Quote all of the data that follows exactly as written, skipping the images.

Start of Collected material

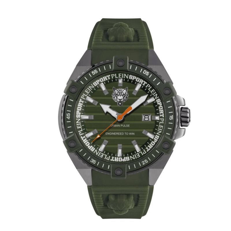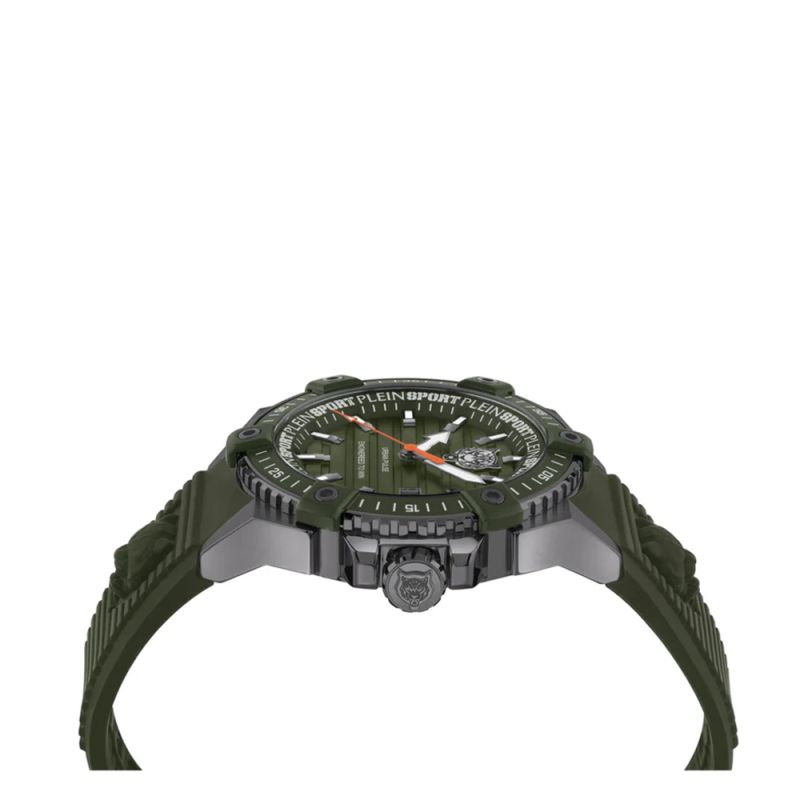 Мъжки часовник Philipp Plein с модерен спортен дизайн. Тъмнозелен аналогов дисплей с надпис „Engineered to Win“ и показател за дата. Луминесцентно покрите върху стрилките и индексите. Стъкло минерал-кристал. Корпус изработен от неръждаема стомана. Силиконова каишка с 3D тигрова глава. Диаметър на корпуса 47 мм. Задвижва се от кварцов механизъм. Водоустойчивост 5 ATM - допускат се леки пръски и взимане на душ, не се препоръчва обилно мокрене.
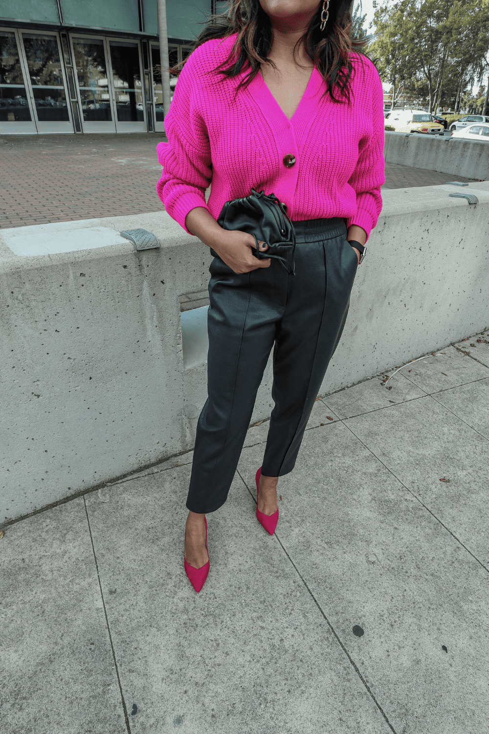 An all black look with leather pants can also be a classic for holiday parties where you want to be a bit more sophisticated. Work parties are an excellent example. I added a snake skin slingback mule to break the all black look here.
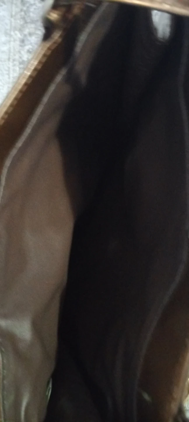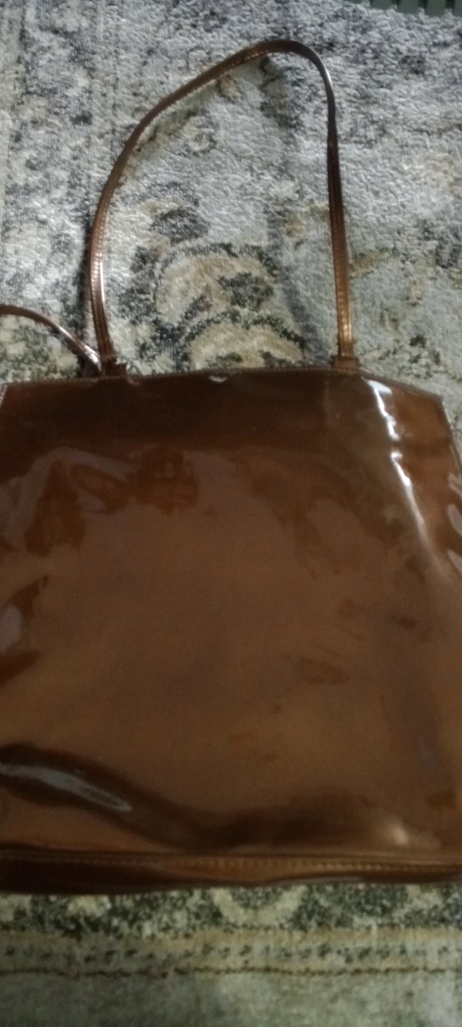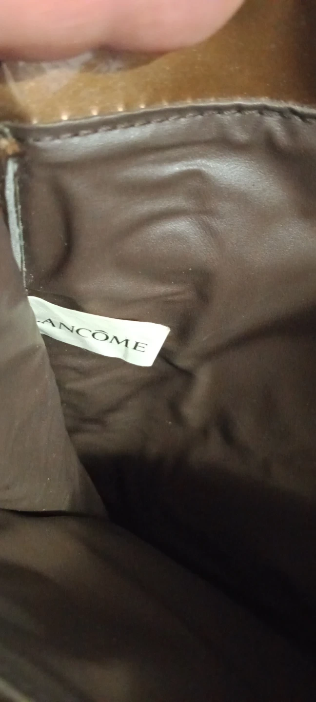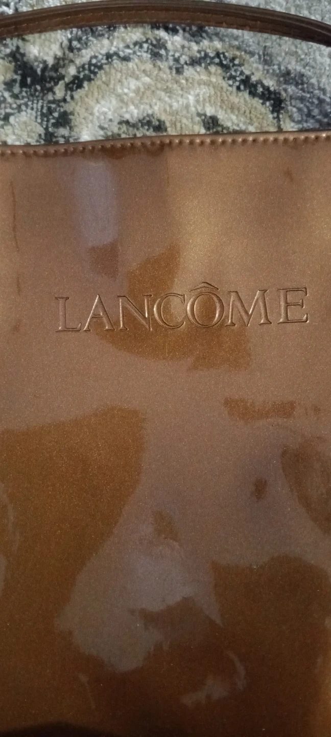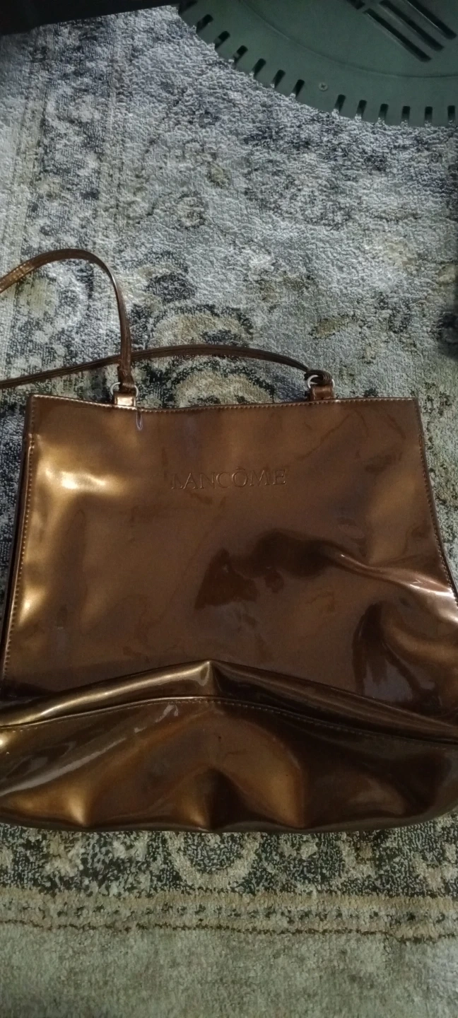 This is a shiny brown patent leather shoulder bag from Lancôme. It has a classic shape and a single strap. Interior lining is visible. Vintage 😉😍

End of Collected material

▸ **Finished exercise**
 Мъжки часовник Philipp Plein с модерен спортен дизайн. Тъмнозелен аналогов дисплей с надпис „Engineered to Win“ и показател за дата. Луминесцентно покрите върху стрилките и индексите. Стъкло минерал-кристал. Корпус изработен от неръждаема стомана. Силиконова каишка с 3D тигрова глава. Диаметър на корпуса 47 мм. Задвижва се от кварцов механизъм. Водоустойчивост 5 ATM - допускат се леки пръски и взимане на душ, не се препоръчва обилно мокрене.
 An all black look with leather pants can also be a classic for holiday parties where you want to be a bit more sophisticated. Work parties are an excellent example. I added a snake skin slingback mule to break the all black look here.
 This is a shiny brown patent leather shoulder bag from Lancôme. It has a classic shape and a single strap. Interior lining is visible. Vintage 😉😍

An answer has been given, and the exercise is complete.